Find the line with "Les jeunes chenilles" in the records below. Copy it and every line after it, up to and including the line with "2026年3月27日至29日".

Extracted entries>
□ □ □ □
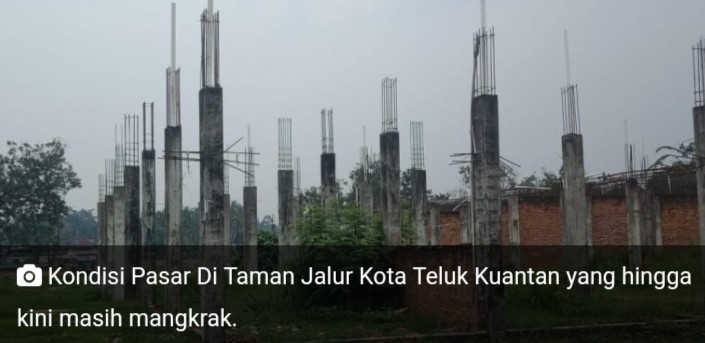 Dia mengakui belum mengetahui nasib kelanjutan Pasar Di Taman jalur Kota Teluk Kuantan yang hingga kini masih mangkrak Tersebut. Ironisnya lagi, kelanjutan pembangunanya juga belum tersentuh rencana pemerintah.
□ □ □ □
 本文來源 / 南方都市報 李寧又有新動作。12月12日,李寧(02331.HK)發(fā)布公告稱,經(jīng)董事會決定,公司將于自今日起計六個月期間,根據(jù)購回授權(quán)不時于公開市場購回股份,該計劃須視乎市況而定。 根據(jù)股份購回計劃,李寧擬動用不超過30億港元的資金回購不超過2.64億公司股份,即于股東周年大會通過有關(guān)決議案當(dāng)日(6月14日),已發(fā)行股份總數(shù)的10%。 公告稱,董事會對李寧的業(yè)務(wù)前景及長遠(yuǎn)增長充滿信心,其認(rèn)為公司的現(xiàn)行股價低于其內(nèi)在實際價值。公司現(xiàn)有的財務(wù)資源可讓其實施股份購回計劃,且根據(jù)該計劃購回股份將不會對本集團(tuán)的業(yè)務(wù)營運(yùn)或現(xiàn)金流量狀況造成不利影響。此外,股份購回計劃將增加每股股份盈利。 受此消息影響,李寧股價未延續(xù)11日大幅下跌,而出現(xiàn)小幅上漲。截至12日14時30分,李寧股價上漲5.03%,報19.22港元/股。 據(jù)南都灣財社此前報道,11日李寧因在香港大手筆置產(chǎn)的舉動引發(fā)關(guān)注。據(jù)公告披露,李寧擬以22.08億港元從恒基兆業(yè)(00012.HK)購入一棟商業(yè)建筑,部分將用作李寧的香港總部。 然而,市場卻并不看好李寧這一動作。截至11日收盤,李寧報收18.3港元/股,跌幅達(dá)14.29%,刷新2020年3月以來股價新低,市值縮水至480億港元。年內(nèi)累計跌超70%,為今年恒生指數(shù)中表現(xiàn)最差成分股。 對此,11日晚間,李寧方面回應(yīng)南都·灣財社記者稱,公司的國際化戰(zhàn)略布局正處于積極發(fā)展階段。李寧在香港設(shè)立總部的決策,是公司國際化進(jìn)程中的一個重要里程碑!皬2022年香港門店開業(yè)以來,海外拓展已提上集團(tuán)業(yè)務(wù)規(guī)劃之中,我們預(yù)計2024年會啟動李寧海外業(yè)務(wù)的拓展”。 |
□ □ □ □
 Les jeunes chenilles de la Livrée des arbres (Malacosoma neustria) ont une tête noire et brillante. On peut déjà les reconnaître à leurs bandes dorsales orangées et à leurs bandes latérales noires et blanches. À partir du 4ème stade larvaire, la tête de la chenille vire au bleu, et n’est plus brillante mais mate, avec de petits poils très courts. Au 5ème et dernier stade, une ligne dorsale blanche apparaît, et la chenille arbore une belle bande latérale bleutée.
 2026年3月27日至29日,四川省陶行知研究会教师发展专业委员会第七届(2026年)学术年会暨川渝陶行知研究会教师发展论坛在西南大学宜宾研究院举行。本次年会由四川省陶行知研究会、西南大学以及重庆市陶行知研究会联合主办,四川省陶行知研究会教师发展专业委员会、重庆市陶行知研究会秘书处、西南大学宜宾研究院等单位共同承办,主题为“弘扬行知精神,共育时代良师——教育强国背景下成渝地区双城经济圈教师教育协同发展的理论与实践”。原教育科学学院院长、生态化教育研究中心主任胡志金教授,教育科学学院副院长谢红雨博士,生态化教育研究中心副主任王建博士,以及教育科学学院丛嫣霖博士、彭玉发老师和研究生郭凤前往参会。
□ □ □ □
Task solution>
 Les jeunes chenilles de la Livrée des arbres (Malacosoma neustria) ont une tête noire et brillante. On peut déjà les reconnaître à leurs bandes dorsales orangées et à leurs bandes latérales noires et blanches. À partir du 4ème stade larvaire, la tête de la chenille vire au bleu, et n’est plus brillante mais mate, avec de petits poils très courts. Au 5ème et dernier stade, une ligne dorsale blanche apparaît, et la chenille arbore une belle bande latérale bleutée.
 2026年3月27日至29日,四川省陶行知研究会教师发展专业委员会第七届(2026年)学术年会暨川渝陶行知研究会教师发展论坛在西南大学宜宾研究院举行。本次年会由四川省陶行知研究会、西南大学以及重庆市陶行知研究会联合主办,四川省陶行知研究会教师发展专业委员会、重庆市陶行知研究会秘书处、西南大学宜宾研究院等单位共同承办,主题为“弘扬行知精神,共育时代良师——教育强国背景下成渝地区双城经济圈教师教育协同发展的理论与实践”。原教育科学学院院长、生态化教育研究中心主任胡志金教授,教育科学学院副院长谢红雨博士,生态化教育研究中心副主任王建博士,以及教育科学学院丛嫣霖博士、彭玉发老师和研究生郭凤前往参会。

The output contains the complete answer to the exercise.